Rome: MSF launched in October 2015 a project offering medical rehabilitation to asylum seekers who have been victims of torture, in collaboration with an Italian organization (Medici contro la tortura). The main countries of origin of beneficiaries are Nigeria, Mali, Afghanistan, Ghana, Gambia and Egypt. In total, 39 people from 15 countries have received assistance in more than 340 individual consultations.
Gorizia: In the Northern city of Gorizia, at the border with Slovenia, MSF is providing medical care, shelter and first assistance for the hundreds of refugees. MSF has installed 25 containers, with a capacity to offer shelter to 96 people. Reception facilities have been sufficient to respond to the totality of the local reception needs: all the available places were assigned and there was no further space left for new comers. New arrivals have been regulars but constants through this time, with only one exception, when 15 people passed the border and arrived at the centre during the same day. It is a temporary solution to provide spaces where people can be welcomed with shelter, hygiene facilities and medical screening to improve their living conditions.
During the last month, around 300 medical screenings and visits have been carried out in partnership with the IRC and the local health service. In order to cope with patients’ needs and to provide them with legal information about asylum procedures, MSF has organised trainings with a legal operator and a specialized cultural mediator, in partnership with the national NGO Italian Council for Refugees and legal support office from Caritas.
In Udine, MSF is supporting local actors who provide shelter and medical assistance to migrants and asylum seekers. Lastly, MSF is collaborating with local and regional authorities with the aim of smoothing the access to the national health system to asylum seekers and migrants. MSF started a dialogue with the Italian local and regional authorities to find a long term solution and to provide adequate reception to the new arrivals.
MSF is providing medical care, shelter, water and sanitation and distributing relief items to refugees and migrants arriving in the Dodecanese Islands as well as on Lesbos and Samos; in Athens; and at the Idomeni border crossing with the Former Yugoslav Republic of Macedonia (FYROM). MSF distributed also several items (heating material, tents, energizing food, winter clothing, and blankets) to volunteer groups in Greece to support their actions for refugees.
In 2015, Greece saw an unprecedented number of arrivals. By the end of the year, 856,723 people in total had arrived into the country and on average, 10 people died every day trying to cross the sea into Europe.

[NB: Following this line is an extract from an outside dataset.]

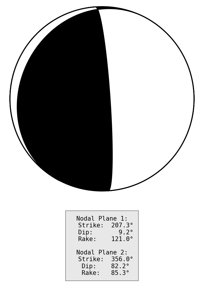 节面1: 走向207.3度 倾角9.2度 滑动角121.0度

As of 20 February, 94,269 people had arrived in Greece and around 320 people died or went missing trying to reach Europe.
MSF calls on the EU to provide an alternative to the dangerous sea crossing, specifically to create a safe passage at the land border between Turkey and Greece.
On 19 November 2015, new restrictions were implemented only permitting Syrians, Afghanis and Iraqis to cross the border into FYROM, leaving many others stuck in Greece. On 9 December, Greek police banned access to Idomeni Transit Camp for all refugees and migrants that don’t have currently access to winterised facilities and have to wait for long hours in a petrol station in the town of Polycastro. Together with other organisations, MSF called on the authorities to allow migrants and refugees access to the camp - which was subsequently granted on 20 January. The camp is now consistently being used to its full capacity. On 21 February, Afghans - who make up 30 percent of arrivals in Greece - were refused permission to cross both the Greek-FYROM border and the border between FYROM and Serbia.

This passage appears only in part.